Here, ${\mathrm{P}}_{\mathrm{pre}}^{\mathrm{i}}$ denotes the downscaled prediction for the $i$-th sample, ${\mathrm{P}}_{\mathrm{true}}^{\mathrm{i}}$ represents the corresponding ground truth observation, ${\overline{\mathrm{P}}}_{\mathrm{pre}}$ is the mean of the predicted values across all samples, and ${\overline{\mathrm{P}}}_{\mathrm{true}}$ is the mean of the ground truth observations. Following established practice [40], the threshold $\mathsf{ϵ}$ is set to 2. A sample is considered a true positive, counted as ${\mathrm{N}}_{\mathrm{T}}$, if $\left|{\mathrm{P}}_{\mathrm{pre} }^{\mathrm{i}}- {\mathrm{P}}_{\mathrm{true}}^{\mathrm{i}}\right|$ < $\mathsf{ϵ}$, and a false positive, counted as ${\mathrm{N}}_{\mathrm{F}}$ if $\left|{\mathrm{P}}_{\mathrm{pre}}^{\mathrm{i}} - {\mathrm{P}}_{\mathrm{true}}^{\mathrm{i}}\right| > \mathsf{ϵ}$. ${\mathrm{I}}_{\max }$ denotes the maximum possible signal intensity, which corresponds to the maximum plausible temperature value in this context. ${\mathsf{\mu }}_{\mathrm{pre}}$ and ${\mathsf{\mu }}_{\mathrm{true}}$ are the pixel-wise means of the downscaled prediction and the ground truth image, respectively. ${\mathsf{\sigma }}_{\mathrm{pre}}^2$ and ${\mathsf{\sigma }}_{\mathrm{true}}^2$ represent the pixel-wise variances of the downscaled prediction and the ground truth image, respectively. ${\mathsf{\sigma }}_{\mathrm{pt}}$ is the covariance between the downscaled prediction and the ground truth image.

5. Result

5.1. Comprehensive Evaluation of Benchmark Models and Ablation Results

Table 5 presents the overall evaluation results of various temperature downscaling methods with HRCLDAS data as the true values. From this, the following conclusions can be drawn: Firstly, the U-Net model performs the best among all the basic models. Compared with bilinear interpolation, its performance has been significantly improved. It has also been significantly improved compared with SRCNN. This indicates that the encoder–decoder structure based on U-Net has certain advantages in solving such problems. Secondly, the U-Net model using the three-dimensional convolution module performs better than the ordinary U-Net model. This indicates that when dealing with the downscaling problem of multi-dimensional spatiotemporal dimensions, it is necessary to utilize three-dimensional convolution to extract features from more dimensions.
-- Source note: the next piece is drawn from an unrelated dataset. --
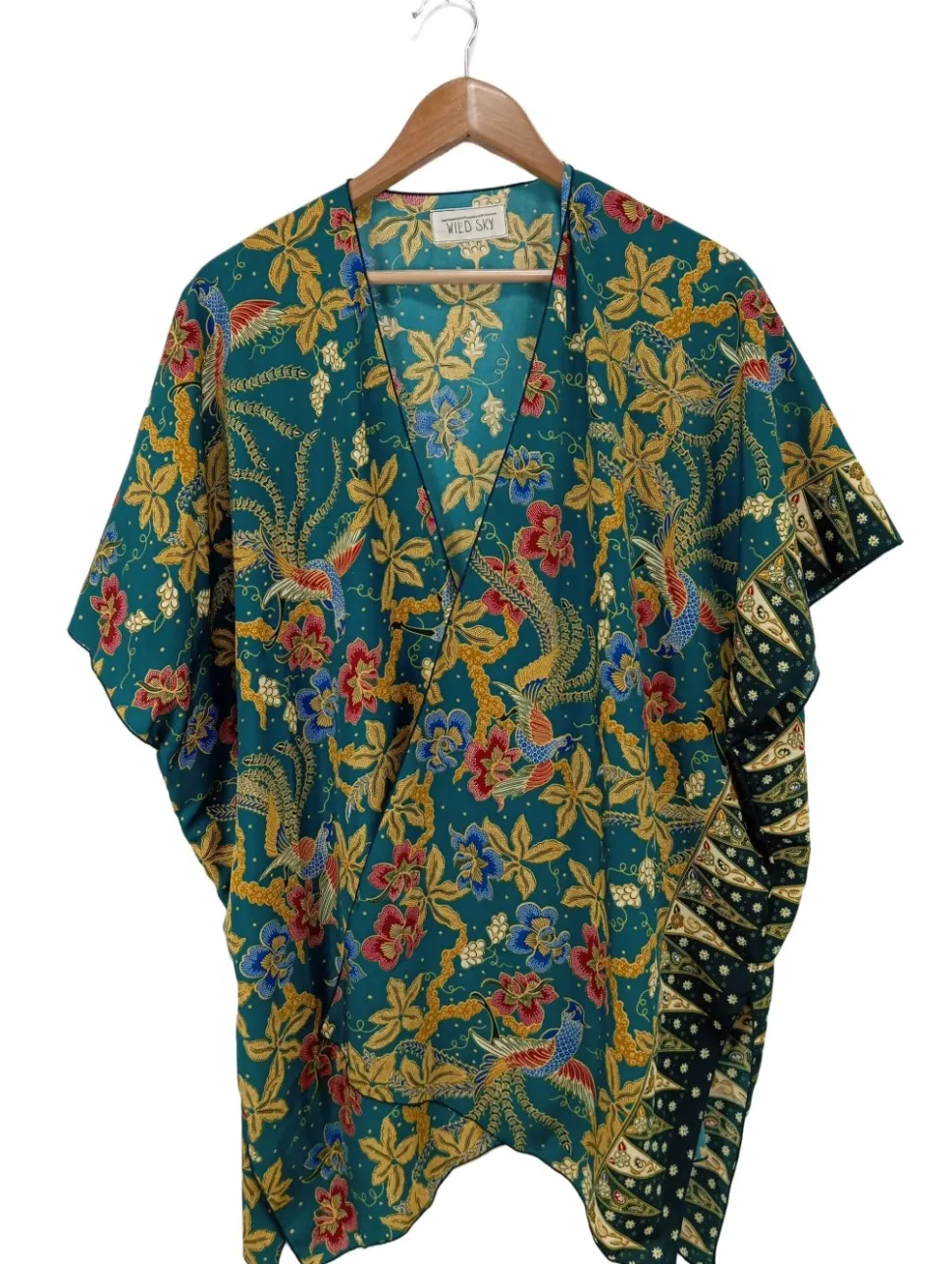- V-Ausschnitt, Ärmelsaumaufschlag, ohne Verschluss (wird offen getragen), abstraktes Muster, Allover-Druck, Casual-Look, Street-Fashion-Look

Thirdly, the performance of the model without introducing the Swin Transformer module is lower than that of the model with this module added. This indicates that combining the local feature extraction of convolution with the attention mechanism can further enhance the model’s performance. Fourth, after introducing terrain remote sensing data as auxiliary information, the model performance has improved to a certain extent, indicating that within the study area, terrain has a significant impact on the temperature distribution. Finally, the MBTA module proposed in this paper can better adapt to the input of terrain and other auxiliary features, and its effect is superior to the method of directly inputting terrain features. Meanwhile, compared with the super-resolution model EDVR, the TAUT model proposed in this paper achieves higher accuracy and better overall performance.

Table 5. Comparison of different downscaling models for T2m using testing data (bold indicates the optimal metrics).
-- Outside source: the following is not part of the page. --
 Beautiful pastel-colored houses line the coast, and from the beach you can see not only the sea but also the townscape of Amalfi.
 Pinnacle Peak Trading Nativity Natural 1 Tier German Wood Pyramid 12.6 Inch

Method	MAE	RMSE	COR	ACC	PSNR	SSIM
Bilinear Interpolation	2.6299	3.3838	0.8681	0.4823	27.024	0.8476
SRCNN	2.3675	3.0341	0.8962	0.5216	27.9674	0.8848
EDVR	1.6928	2.1294	0.9546	0.6679	31.1722	0.9509
U-Net	1.8419	2.3572	0.9378	0.6319	30.1950	0.9321
U-Net + 3DConv	1.4570	1.8162	0.9691	0.7378	32.6641	0.9657
U-Net + 3DConv + ST	1.3677	1.7181	0.9708	0.7673	33.1364	0.9682
U-Net + 3DConv + ST + DEM	1.3042	1.6458	0.9719	0.7874	33.5157	0.9697
TAUT	1.2566	1.5901	0.9731	0.8026	33.8029	0.9711

Figure 5 shows the changes in the mean values of the hourly evaluation indicators of each model over time within the 48 h downscaling period. As shown in the figure, the TAUT model maintains the smallest mean absolute error (MAE) and root mean square error (RMSE) across all timings, and the other evaluation indicators are also consistently superior to those of the comparison models. The distribution of the indicators of each model over time is basically consistent with the overall average presented in Table 5. Only the U-Net model and the EDVR model show curve crossover at a few moments.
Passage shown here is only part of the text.